There is unfinished business to attend to before the LSSP (MG) can distance itself from the R&S administration and take its rightful place alongside the CP and JVP in a unified left structure. That is, it must see the new constitution through. Of recent there have been misgivings whether a new constitution will be tabled, or if amendments substantial enough to make the exercise worthwhile will see the light of day. There were fears that a referendum would be hard to win in the face of the JO’s racist onslaught. The CP’s move and a joint left (JVP, Frontline, Siritunga, Bahu and of course CP and LSSP) campaign may see off these fears and turn the tables. It will be necessary to ensure that the proposed constitution, while acceptable to most Sinhalese, also meets the minimum concerns of the minorities and is palatable to the left. These are now less difficult targets to reach. In the interim it is essential that Jayampathy remains in pole-position among drafters; input from Lal Wijenayake who led an opinion survey will be invaluable. This is the “still unfinished business” for the LSSP (MG) to attend to in government.

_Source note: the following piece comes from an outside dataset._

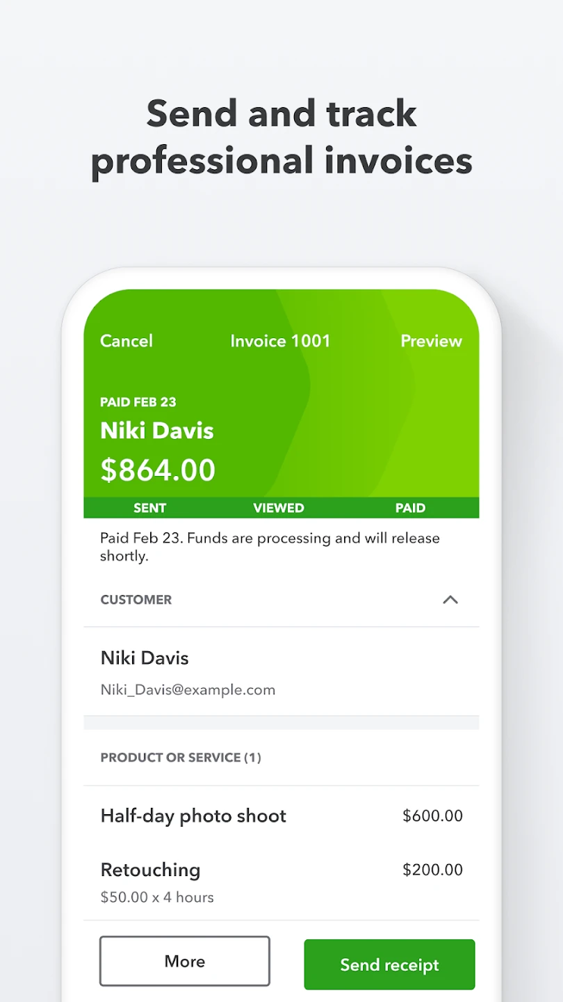 Designed for freelancers with simplified invoicing and project management tools. Emphasizes mobile accessibility.

This is all by way of contemporary background to the two main concerns of this essay; first, an organisational structure appropriate for the left in the medium-term and second, theoretical categories for left/socialist/Marxist thinking in this historical period in the context of recent global transformations. The first is focussed on Lanka while the second is worldwide and must take account of international economic transformations and recent global neo-populist phenomena.
Splits, sects and splinters
You may have heard the old yarn that if you lock up 24 Sri Lankan Marxists in a room and open the door half an hour later, two dozen ‘revolutionary’ political parties will emerge. This is true, literally. The number of Trotskyite splinters I know of are seven and bear allegiance to mother-groups in the UK (2), France (2), Belgium (1), USA-Canada (1) and Venezuela (1).  There are not less than four post-Shan, post Sino-Soviet-split, shreds, floating around. There is the JVP, its fragment the Peratugami (Frontline) and the fragment’s fragment which I call Kurutugami. And don’t forget the Dead Left, where LSSP and the CP are internally divided, and Vasudeva pilots an obscenity spewing rump. Finally we have various civil society versions of the left.
This haze of jetsam and flotsam, many of microbe size, is a criminal waste of organisational and intellectual energy. These guys are no fools; they have read their books and can recite Marx and Lenin like the multiplication table. They are not frauds; they make sacrifices of time, money of which they have little, and are often dragged off and persecuted by the state. But without unity all that energy, sincerity and resources is plain wasted, just flushed down the drain.  Doesn’t the irrational idiocy of 15 peewee May Day rallies say it all! Even the JVP rally was not as large as former years.
If this amorphous mass is coordinated it will achieve much; not 100% of what anyone wants, but a lot of what everyone wants. This is how the left in Greece (Syriza) and Spain (Podemos) made headway. Even in Italy the Five-Star effort which is doing well is a neo-populist outfit of uncertain classification. An accord where all accept a basic programme and a structure is more productive than each sect digging into its own ideological and organisational cave. Electorally a dozen or two dozen parliamentary seats in 2020 for a unified Lankan left is very plausible.